- Born: Dwi Lestari Pramesti 25 April 1989 (age 35) Jakarta, Indonesia
- Education: University of Indonesia
- Occupation: Pediatrician
- Years active: 2007–present

= Mesty Ariotedjo =

Medical doctor

Dwi Lestari Pramesti (born 25 April 1989) is the CEO at Tentang Anak, a parenting products brand in Indonesia. Pramesti is also a pediatrician and public health practitioner. She started building Tentang Anak while taking maternity leave during COVID-19.
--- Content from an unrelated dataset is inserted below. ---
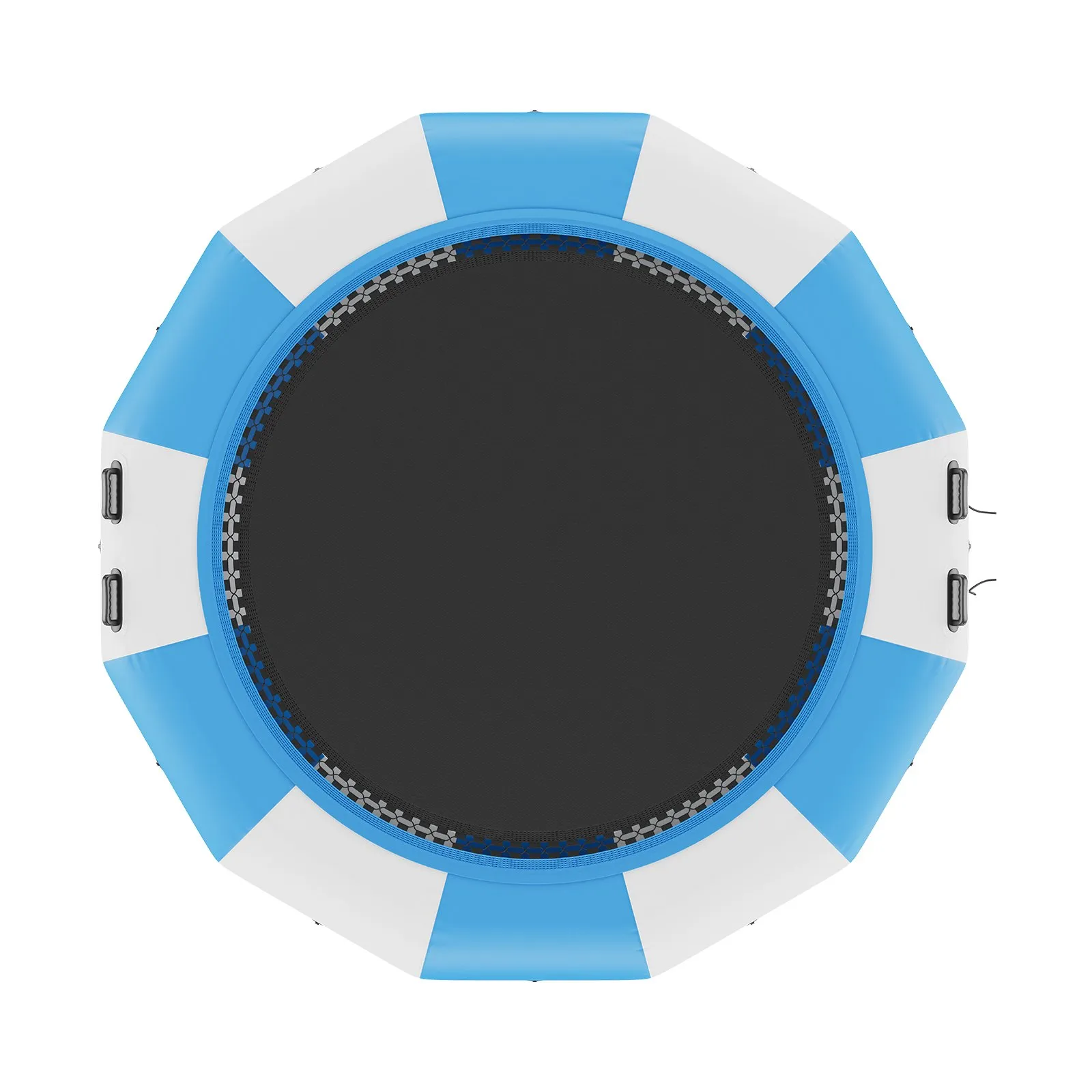 Nafukovacia vodná trampolína s rebríkom, vodotesná, odolná voči oderu, skákacia plocha 3,96 m, skákacia plošina, trampolína do aquaparku, modrá + biela, nosnosť 226 kg

Mesty Ariotedjo is the youngest member of World Economic Forum 2014 from Indonesia. She is also a member of Global Shapers Jakarta.

==Early life==
Mesty Ariotedjo was born in Jakarta. Her father, Arie Ariotedjo, works as a business executive in a various companies. Her mother, Arti Ariotedjo (née Prawirakusumah), is a socialite and a housewife. Her grandfather, Sri Bima Ariotedjo, was the Indonesian Ambassador to the Philippines.

Ariotedjo was raised as a Muslim. She has Javanese ancestry from her father and Sundanese from her mother. Ariotedjo graduated from SMA Negeri 8 Jakarta in 2007. In 2012, she graduated from Faculty of Medicine, University of Indonesia.